His mother was a single mother for much of his childhood -- and he was around strong, empowered women. He SAW the women's movement in action.
He passed up lucrative corporate America, and worked himself in the civil rights arena. LIVED IT HIMSELF -- worked it himself. At a time when civil rights were no longer even the "cause" they were in the sixties.
He married a woman who is the embodiment of a strong, empowered, educated woman.
This is not a man oblivious to the fight for racial equality or women's issues. But in living that fight and its aftermath, he is looking forward to the issues that face us today, and the issues that will face our children.
Politicians need to be aware of history, of course. But I don't want politicians mired in events of 40 years ago. I don't want politicians who practice politics circa 1960, 1970, 1980, 1990.
I don't want politicians who think that just because something's been done this way for decades, it's the way it should continue to be done.
We aren't fighting the war in Vietnam, or the civil rights movement, or the women's rights movement anymore. We have a new set of complex struggles. And we need politicians who recognize that, and bring contemporary, fresh views to those challenges, not old warhorses and workhorses who want to do same-old-same-old and keep fighting battles from 40 years ago with 40-year old tactics.

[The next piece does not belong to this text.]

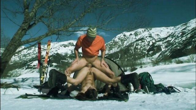 Description: Claudia is camping in the snowy mountains when two weary travellers stumble across her. The trio decide to strip off and keep warm with some spit roast action and some sweaty fucking. While she bounces on a hard rod the other man cums all over her hot body leaving her camouflage with the snow! The pair continue to hump and she takes it up the butt before being given a sticky pussy and ass hole!

P.S. As for the first part of your video blog and your continuing discussion of the Reagan issue and Hillary's attack ad, I can only assume that, being an intelligent and self-aware person, for some reason you truly are not realizing the passive-aggresive sabotage you continue to perpetrate on the Obamas. Witness your video blog -- you repeat Hillary's accusation that Obama praised Regan, then you laundry list in detail all the terrible programs of Ronald Reagan...and then speed past in half a second the fact that Obama corrected Hillary's unfair attacks, and that he did NOT praise Reagan's policies, only his political savvy. Joan, either you're deliberately anti-Obama and trying to conceal disingenously, or you are subsconsciously acting out your feelings about Obama and don't realize it.